Re: Connection function

From
Bill House
Date:
On 03/24/2012 08:25 PM, Adrian Klaver wrote:
> On 03/24/2012 05:03 PM, Bill House wrote:
>> Hello all,
>>
>> I am very new to postgresql and python, but I have written a function to
>> retrieve some admin data from the server.
>>
>> I think this is more of a python question rather than a psycopg2
>> question, but the context is psycopg2.
>>
>> I was wondering if this is the right place to post it and ask for a
>> critique?
>
> I would say yes, though I am not sure what the question is:)?
>
>>
>> Thanks,
>>
>> Bill
>>
>
>
Thanks,

Sometimes it is helpful to know how many records one is working with.

From my reading in the psycopg2 documentation (2.4.4) and
experimentation, I think that this information is only available if one
uses an unnamed cursor (in which case all the data will have been
fetched to the client) or with an named cursor (but only after all the
data has been fetched).

If there is a large amount of data, this may be problematic.

Am I wrong about this?  If so, please let me know.

Anyway, the way I approached this issue was to count the records I was
interested in and return the value.

The code below works.

I am interested in a critique of it from more experienced persons.  Are
there more elegant or efficient ways to do what I have done?

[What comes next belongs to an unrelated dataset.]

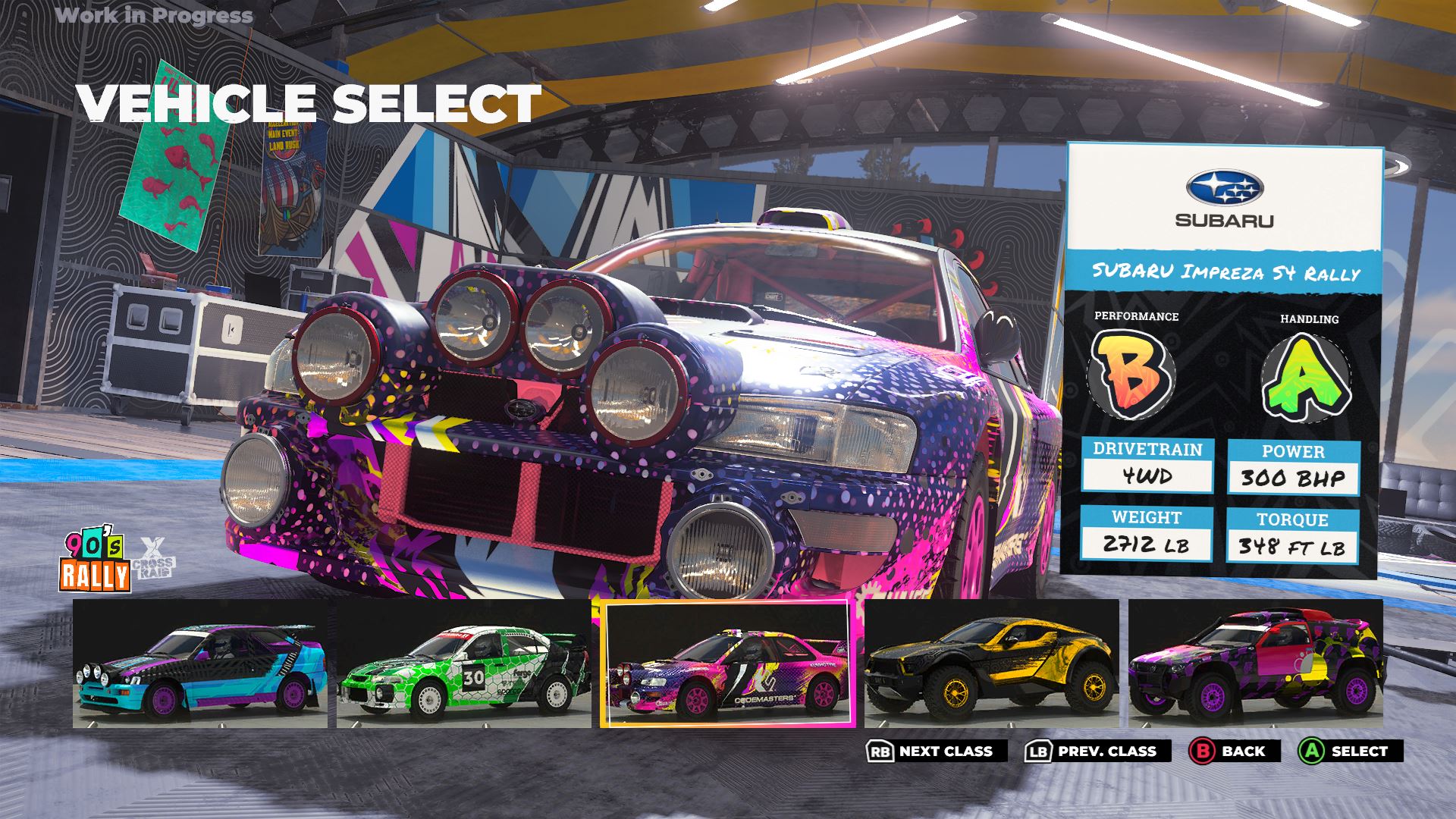 Nielen kariéra, ale celá hra ponúkne 7 tried vozidiel, pričom v niektorých triedach bude aj viac kategórií. Typickým príkladom je rally trieda, kde nájdete klasiky, ikony 90. rokov, ale aj moderné rally autá. Nechýba tak Mustang Fastback, RS200, Lancer Evo VI, Polo GTI R5, 208 WRX alebo 911RGT. Každé z nich reprezentuje inú triedu, každé je ikona. Ariel Nomad Tactical zas reprezentuje Superlite triedu, Laffite X-Road je zástupcom Cross raid, Jimco Class 1 Hammerhead je zas parádna bugina, v Rock Bouncer sérii si zajazdíte vo WS Auto Racing Mudclaw, Jupiter Hawk 410 je 900 koňová beštia na šprinty, no a nájdete tu aj Formula Offroad sériu.

In particular, I am interested in:
    1) the python string substitution technique I used
    2) the choice of the postgresql source of data I was seeking (the
record count)
    3) if there was an existing function I overlooked which does the
same thing (in psycopg2 or postgresql)

Regarding # 2 above, I had been relying on the table:
pg_stat_user_tables and the n_live_tup value.  This item has shown the
correct count for many days.  Today, after updating my machines and
rebooting, the count is 0 and I am not really sure why.  Records are
still there; and even though I have selected data from the database, the
count is still 0.

So I took the more direct but time consuming approach of just counting
the records in the table.

This will be better anyway because many times one will not be selecting
all the records in a table, so this function can be expanded to include
a parameter for the selection criteria so that that identical criteria
may be used again in the work portion of any operation.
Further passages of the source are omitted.